Alléluia, Abdullah

Éclairage tamisé, son feutré, aura de mystère partout dans le Club Soda: c’était Mélanie De Biasio.
Photo: Annik MH De Carufel Le Devoir Éclairage tamisé, son feutré, aura de mystère partout dans le Club Soda: c’était Mélanie De Biasio.

Le pianiste sud-africain Abdullah Ibrahim est une leçon d’oecuménisme à lui seul : un musulman qui reconnaît au christianisme et au bouddhisme une influence dans sa musique et dans son approche de la vie. D’où, peut-être, cette impression de méditation apaisante laissée par son spectacle solo du 2 juillet. Et l’envie de crier « Alléluia, Abdullah ! » pour ce moment qui restera le plus marquant de ce 36e festival.

Le moment lumière : Abdullah Ibrahim en solo. À 80 ans, Ibrahim n’a pas la dextérité des virtuoses, mais on ne trouvera pas beaucoup de musiciens pour égaler son sens de la musique, la profondeur de son propos, la beauté des lignes mélodiques ou la richesse rythmique de sa musique. Personne, non plus, pour tirer autant de lumière de si peu de notes. Musique qui enveloppe l’âme, la soulève et la redépose un peu plus loin sur le chemin de la vie.

Le moment clair-obscur : Mélanie De Biasio. Éclairage tamisé, son feutré, aura de mystère partout dans le Club Soda : c’était Mélanie De Biasio, c’était sur la pointe des pieds, c’était doux, sobre, épuré, raffiné, évocateur, etc. Une bulle comme un voyage, guidé par la voix fragile et bourrée d’émotion de De Biasio.

Le moment New Orleans : Dee Dee Bridgewater. Elle a été théâtrale, sensuelle, exubérante, nuancée : Dee Dee Bridgewater, crâne rasé et rouge aux lèvres, a fait l’effet d’une dose de dynamite dans le théâtre Maisonneuve, avec le New Orleans Jazz Orchestra. Performeuse pur jus pour une musique curative. Jazz-blues plein de cuivres, et vive le Sud.
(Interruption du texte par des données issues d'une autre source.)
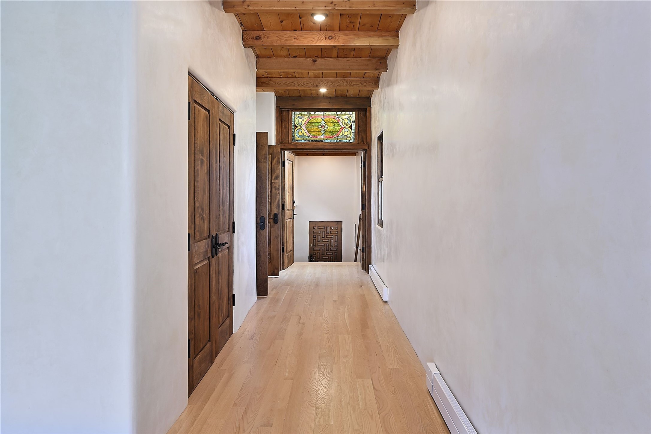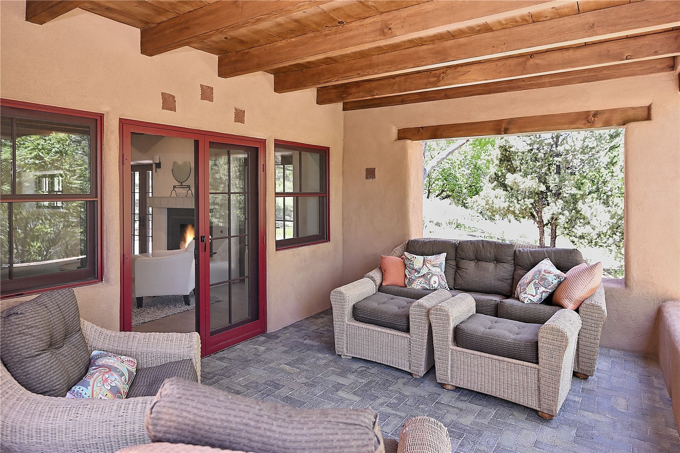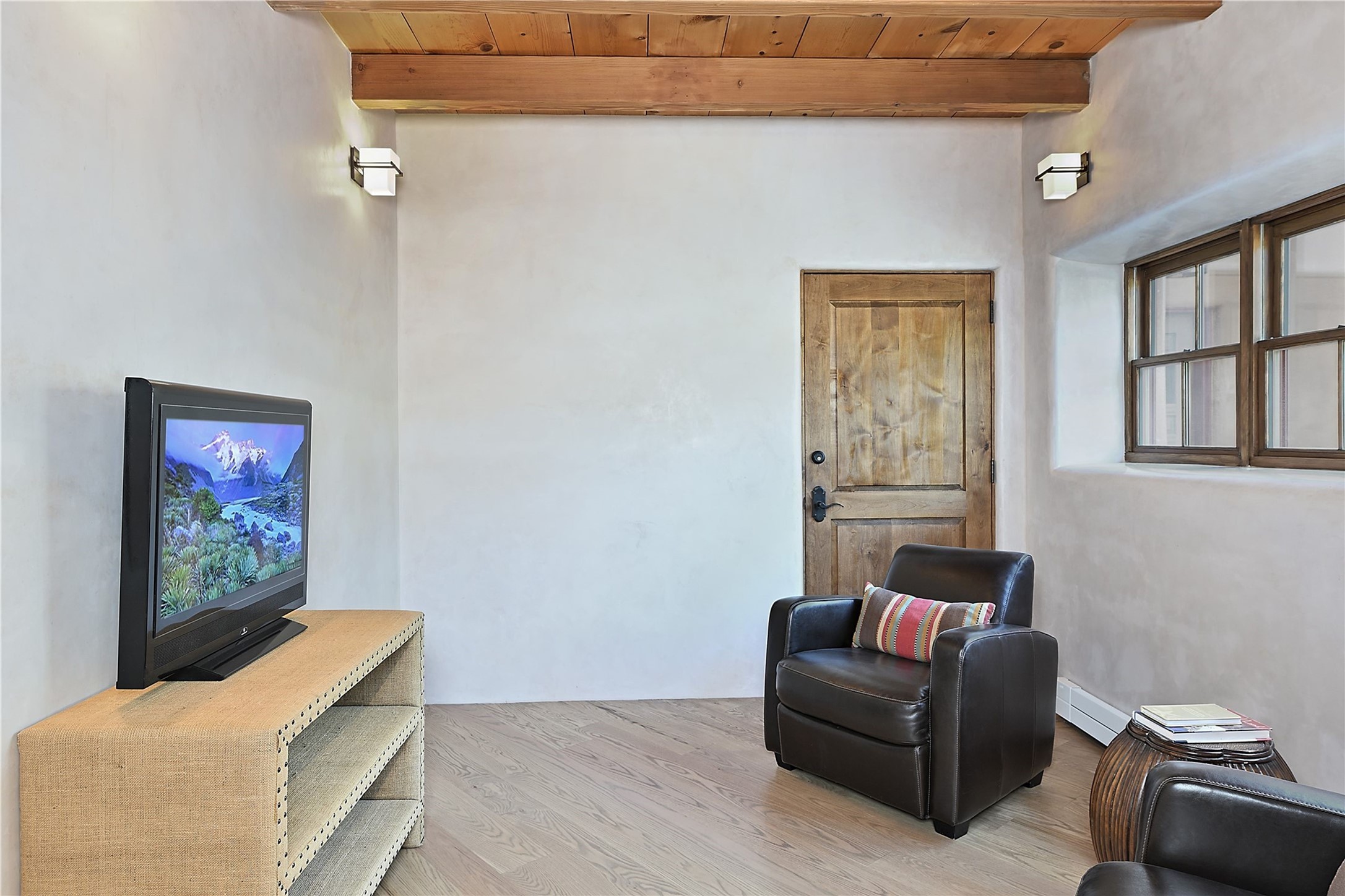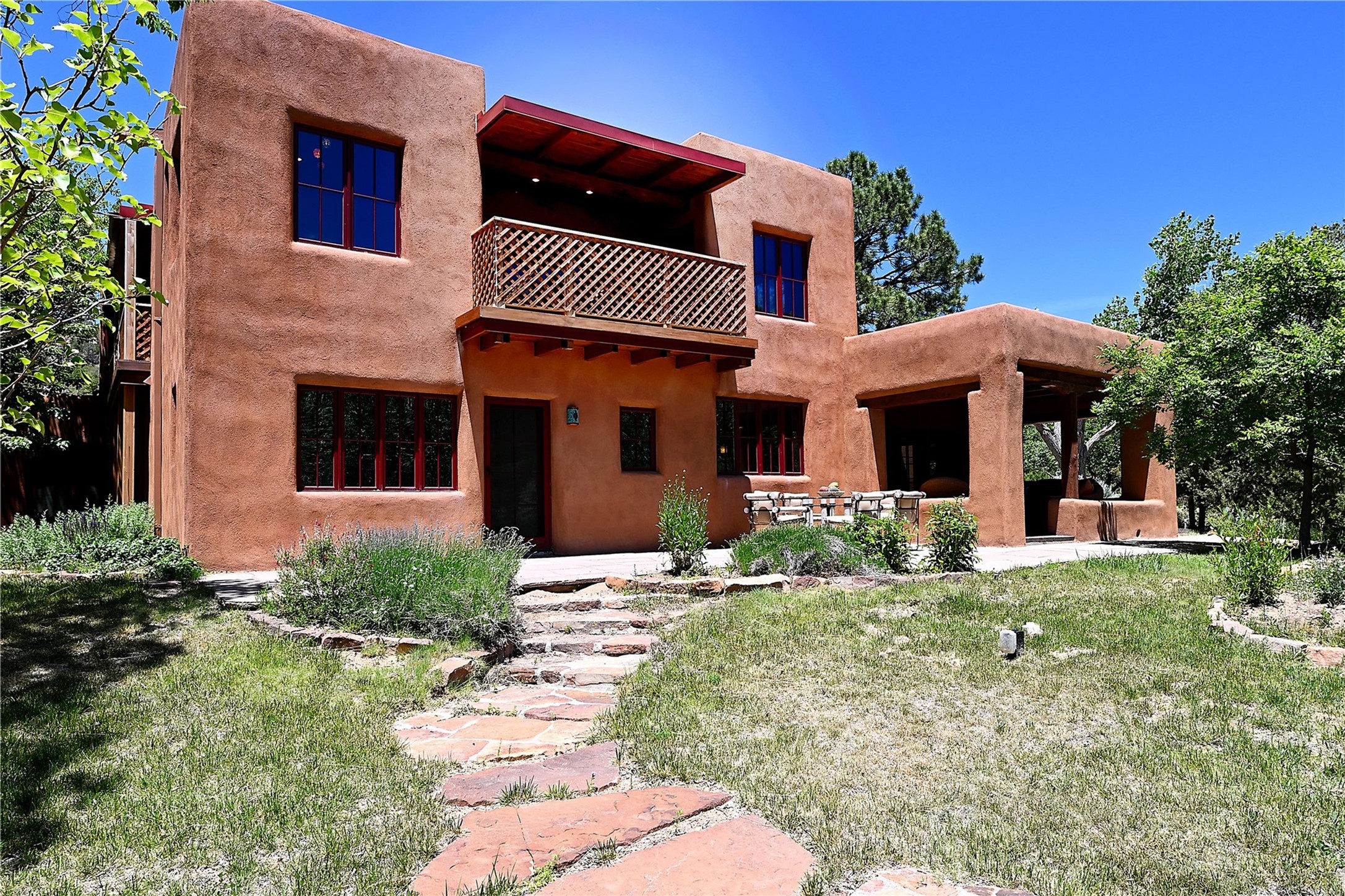 1678cerrogordo.com Welcome to a rare and enchanting retreat tucked away in the heart of Santa Fe's Historic Eastside--where riverfront serenity, natural beauty, and timeless adobe architecture come together perfectly. Set on 2.738 acres across two separately deeded parcels, this one-of-a-kind offering includes a spacious 4,000 sq. ft. home and an adjacent .738-acre wooded lot, offering endless possibilities for expansion, privacy, or simply room to breathe. The residence is surrounded by open meadows, mature shade and fruit trees, and lush cottonwoods, with the Santa Fe River gracefully lining the southern edge and the acequia flowing beside the home, adding a soothing soundtrack to this natural sanctuary. Inside, the home features three bedrooms, each with en-suite baths, including a primary suite with a steam sauna, a gourmet kitchen, and wood-burning fireplaces on both levels. The open-concept floor plan is filled with natural light and offers ample wall space--perfect for showcasing art. The upper level can serve as a luxurious primary suite or private guest quarters, complete with its own living and dining spaces, a grand arched picture window, and balcony with views of Picacho Peak in the Sangre de Cristo foothills. Outside, you'll discover a landscape alive with native flora, wildflowers, and birdsong. The adjacent .738-acre lot is a canvas for your imagination--build a future guesthouse, artist studio, or keep it as a peaceful spot to garden, paint, or simply unwind. Direct access to National Forest trails lies just outside the garden gate, yet you're only minutes from Canyon Road and the historic Santa Fe Plaza--a rare blend of seclusion and accessibility. Opportunities to own a riverfront property in Santa Fe are incredibly rare. This is more than a home--it's a retreat, a sanctuary, and an extraordinary chance to own a truly special piece of Santa Fe.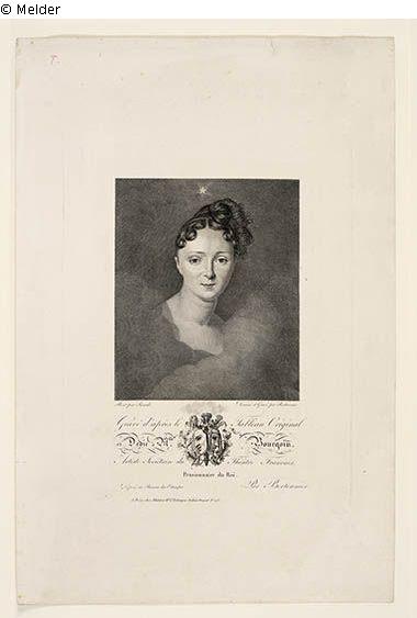 Inscription: Print par Sicardi / Dessiné et Gravé par Bertonnier / Gravé d'après le Tableau Original / et Dedié à Mlle Bourgoin / Artiste Sociétaire du Théâtre Francais ... A Paris, chez Blaisot, Md. d. Estampes, Palais Royal No. 233.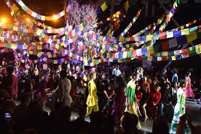 프라발 그룽은 네팔에서의 어린 시절에서 영감을 받았으며 그 지역의 장인들과 협력해 자수와 다른 수공예 터치를 작업했다. 컬러는 네온 브라이트였고 텍스추어, 믹싱 윈드브레이커 그리고 깃털이 달린 카고 팬츠의 스포티한 소재가 레이어드되었다.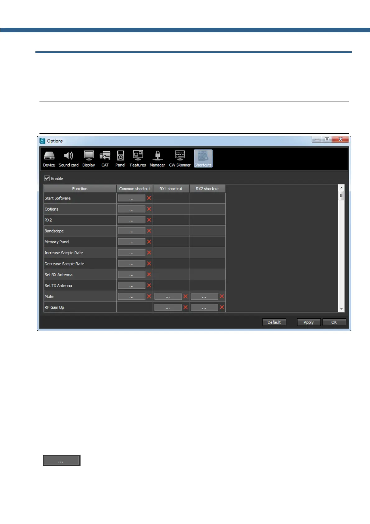 Shortcuts will be active only if the transceiver's software window is in focus.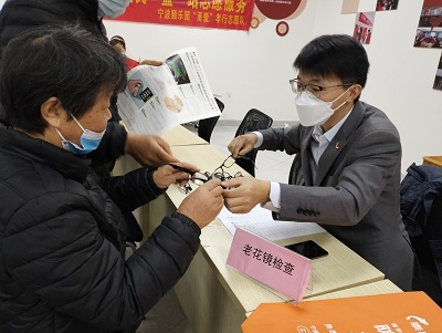 活动现场十分热闹,中医推拿、免费理发、磨刀、地铁咨询等便民服务摊位都排起了长队。“前几天在网格微信群里收到咱们网格员推送的活动通知,听说这次有老花镜的试戴项目,我们俩今天就第一时间赶过来了。”陈师傅和徐阿姨老两口在志愿者的帮助下开始试戴老花镜。不仅如此,在另一个地铁咨询摊位上的丁师傅认真听着志愿者讲解的地铁换乘的内容,“现在宁波的交通四通八达,到哪里都能坐地铁前往,听了网格志愿者的介绍,这下坐地铁更加容易了。”为了维持活动现场的秩序,网格志愿者根据服务内容的不同,为居民准备了不同颜色的号码牌,把提前准备好的号码一一分发给需要对应服务内容的居民。在反诈宣传点位上,银行工作人员向社区居民普及防骗小贴士。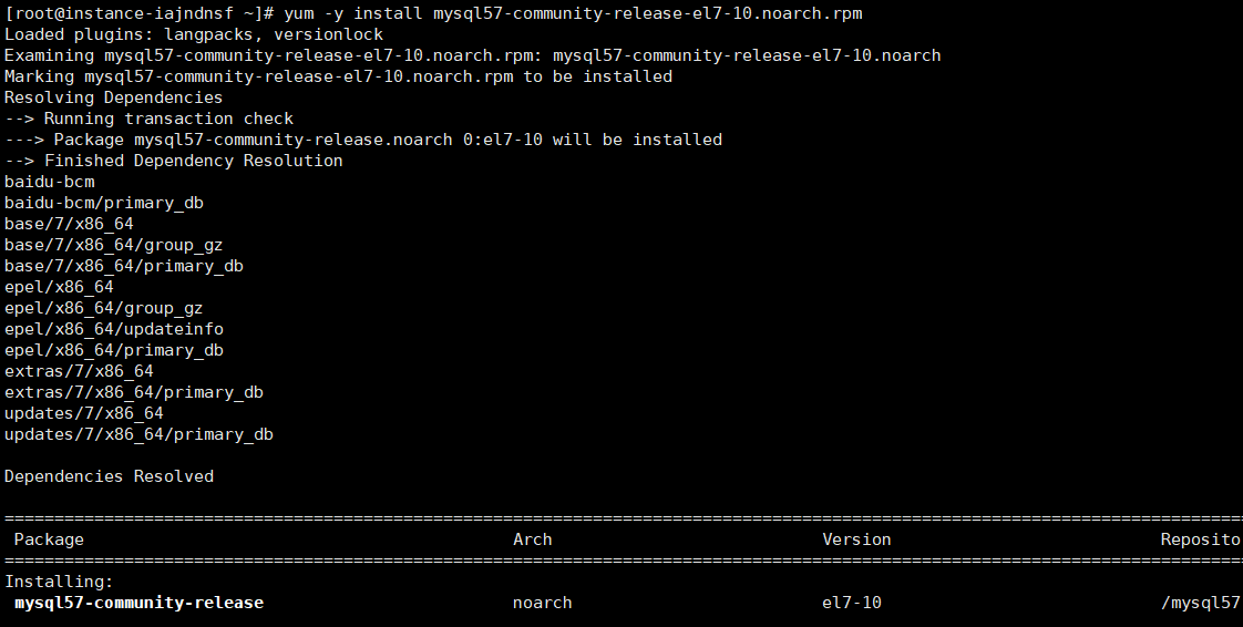 [root@instance-iajndnsf ~]# yum -y install mysql57-community-release-el7-10.noarch.rpm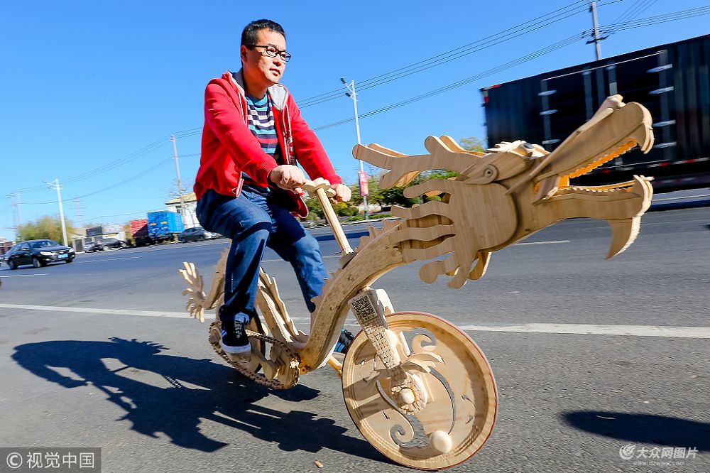 2018年10月15日,遼寧鐵嶺,孫超的中國龍雪糕棍自行車可以像普通車子一樣騎,路上很拉風。這輛特殊的自行車耗費了22000多根雪糕棍,全長2450mm、寬480mm、高1000mm,重量約20.5公斤。龍頭至龍尾共裝飾有各色燈珠310顆,龍頭內置多項小機關、小功能,包括遙控燈光、報警鈴聲、音樂播放器、音箱、驗鈔工具等。

Le moment groove : GoGo Penguin. Les membres du jeune trio anglais GoGo Penguin ont fait sensation à leur premier passage à Montréal. Jazz urbain dopé d’influences diverses, énergie électro-rock-trip-hop plutôt exaltante, et grooves qui groovent à tout moment.

Le moment moderne : Vijay Iyer. Il a fallu près de 50 minutes avant que le trio du pianiste américain Vijay Iyer arrête de jouer et permette au public d’applaudir à sa juste mesure un groupe qui offrait là une performance mémorable. Jazz à la fois touffu, aérien, délicat, complexe et envoûtant, avec des structures rythmiques et harmoniques magnifiquement modernes.

Le moment du sourire jazz : Omer Avital. Sur la petite scène du Upstairs, Omer Avital exultait en début de festival. Un sourire large comme sa contrebasse, de bout en bout d’une prestation menée en quintet et pédale au plancher d’un jazz hybride : un pied en Orient, l’autre dans le jazz moderne occidental. Vif et vivifiant.

Le moment tisane nocturne : Madeleine Peyroux. Service minimum pour la chanteuse américaine. Assise, enveloppée dans un grand châle, elle a poussé poussivement ses chansons folk-country d’une voix qui manquait d’ampleur et de justesse. Le genre de show tisane nocturne qui impose un café à la sortie.